Why does "echo" ignore its first argument sometimes?

Question

The output of this code seems to depend on the option I give (-n or -a) but I simply don't understand the reason. Here's the portion of the code that doesn't work (just the code itself + outputs):

#!/bin/sh

FILE="/path/to/some/textfile"

[ $# -eq 0 ] && echo "No arguments. Exiting.." && exit 1
[ $1 != "-n" ] && [ $1 != "-a" ] && echo "No new default usernames. Exiting" && exit 1
echo $@
echo
newusernames=`echo "$@"|cut -d' ' -f2-`
printf "'$newusernames' $mode as default usernames in $FILE\n"

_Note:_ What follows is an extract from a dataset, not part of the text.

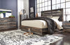 Lit à panneau Abby avec tête de lit, cadre, éclairage à DEL et port USB, brun - format très grand lit

Running it and giving some arguments in both ways:

scriptname -a word1 word2 word3

Gives:

-a word1 word2 word3

'word1 word2 word3'  as default usernames in path/to/textfile

While..:

scriptname -n word1 word2 word3

Gives:

word1 word2 word3
'word2 word3'  as default usernames in path/to/textfile

$mode is just a var that should be set in either two cases. As shown the output is really different while this shouldn't happen.

Please note that I'm aware that this is not the most correct way to pass shell arguments in a script. I'm just trying to understand the reason for this behaviour.

Answer 1

Your second case expands to this:

echo -n word1 word2 word3

and echo -n can be special (and seems to be, in this case): it's interpreted as an option to echo to not print a trailing newline character.

One solution could be to use

shift
newusernames=$(echo "$*")

to remove the parameter first, or even more robust:

shift
newusernames=$(printf '%s' "$*")

In Bash, you'd have fancier options such as

printf -v newusernames '%s' "${*:2}"

to do everything in one step.